◆ The task: Each line between the one holding "Lägg på ca 1" and the end of the material below, both included, is to be transcribed word for word, with pictures left out.

◆ Supplied information:
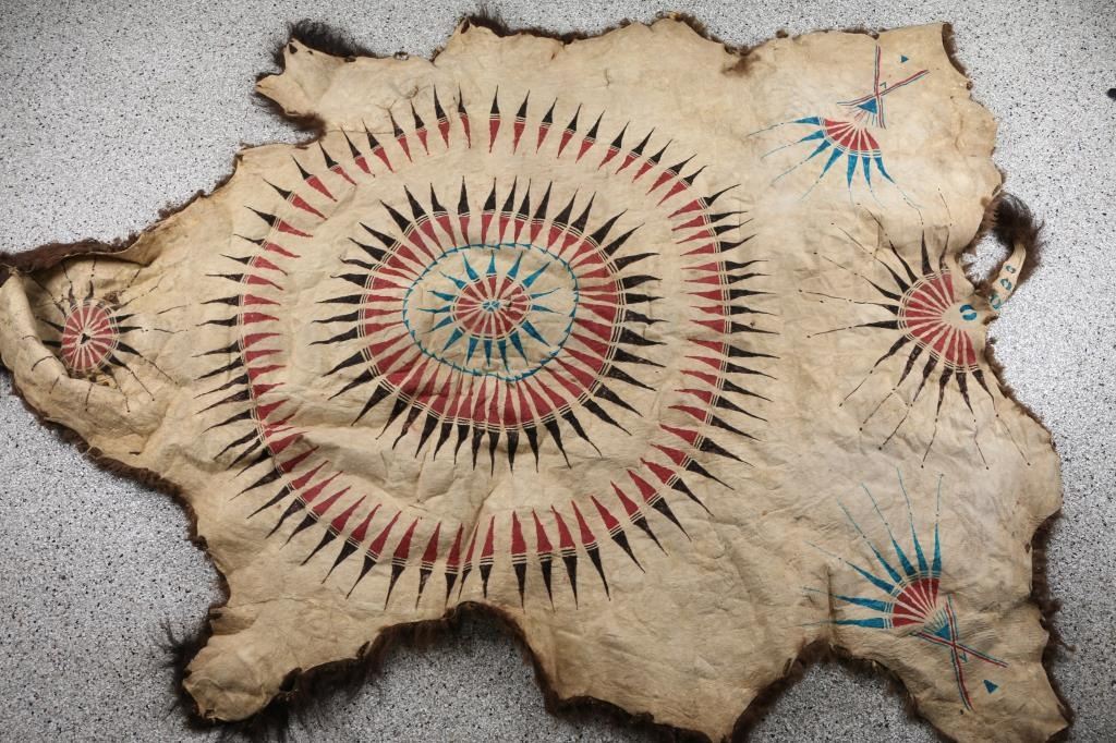 Decorated with painted and markered sunburst design. Measures 97" x 59". Turn of the century type. In overall good condition. Would make a great wall decoration. Includes The Sherman Holbert Buy Back guarantee of value at $950.00,
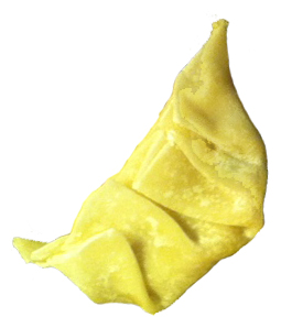 Lägg på ca 1 msk fyllning på varje degplatta. Fukta degkanten med vatten så att sidorna fäster i varandra när du viker ena halvan över den andra och lätt trycker till. Degknytet har nu formen som en halvmåne. Den som vill kan vecka kanten.
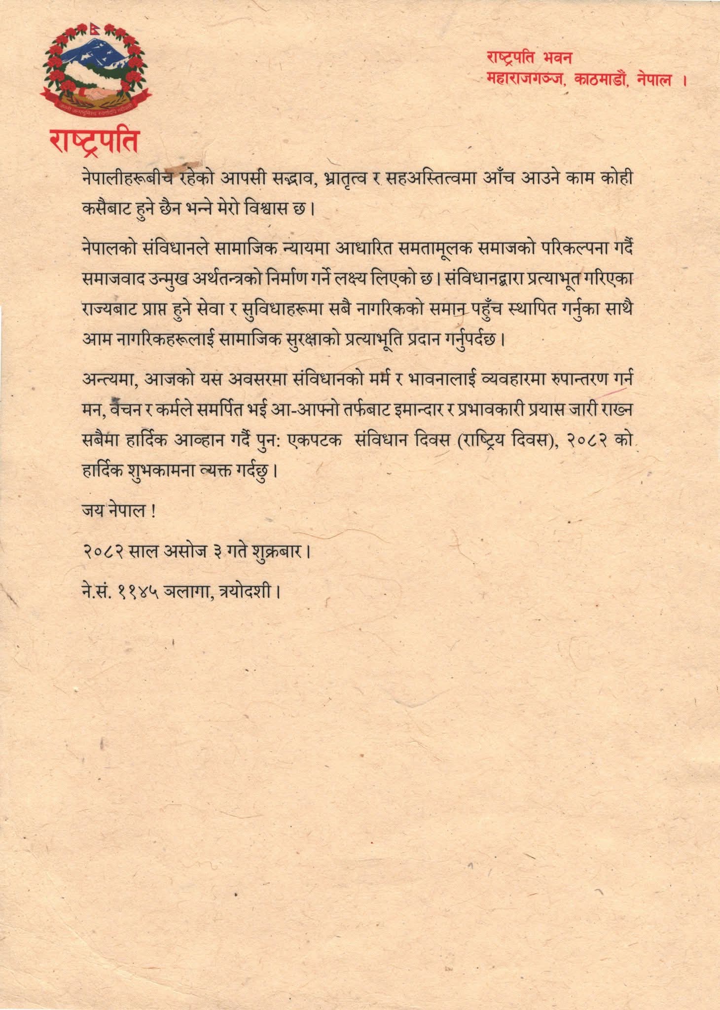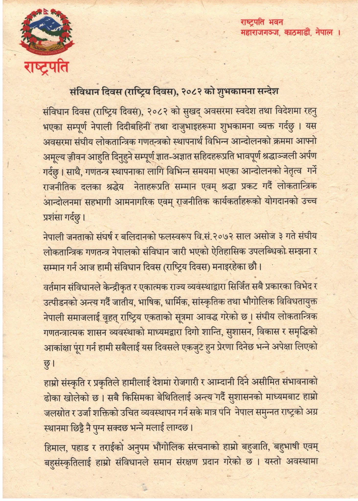 संविधान दिवसका अवसरमा शुभकामना आज (शुक्रबार) सन्देश दिँदै उनले सङ्घीय लोकतान्त्रिक गणतन्त्रात्मक शासन व्यवस्थाको माध्यमद्वारा दिगो शान्ति, सुशासन, विकास र समृद्धिको आकाङ्क्षा पूरा गर्न हामी सबैलाई एकजुट हुन प्रेरणा दिनेछ भनी शुभकामना व्यक्त गरेका छन् ।

◆ Response:
 Lägg på ca 1 msk fyllning på varje degplatta. Fukta degkanten med vatten så att sidorna fäster i varandra när du viker ena halvan över den andra och lätt trycker till. Degknytet har nu formen som en halvmåne. Den som vill kan vecka kanten.
 संविधान दिवसका अवसरमा शुभकामना आज (शुक्रबार) सन्देश दिँदै उनले सङ्घीय लोकतान्त्रिक गणतन्त्रात्मक शासन व्यवस्थाको माध्यमद्वारा दिगो शान्ति, सुशासन, विकास र समृद्धिको आकाङ्क्षा पूरा गर्न हामी सबैलाई एकजुट हुन प्रेरणा दिनेछ भनी शुभकामना व्यक्त गरेका छन् ।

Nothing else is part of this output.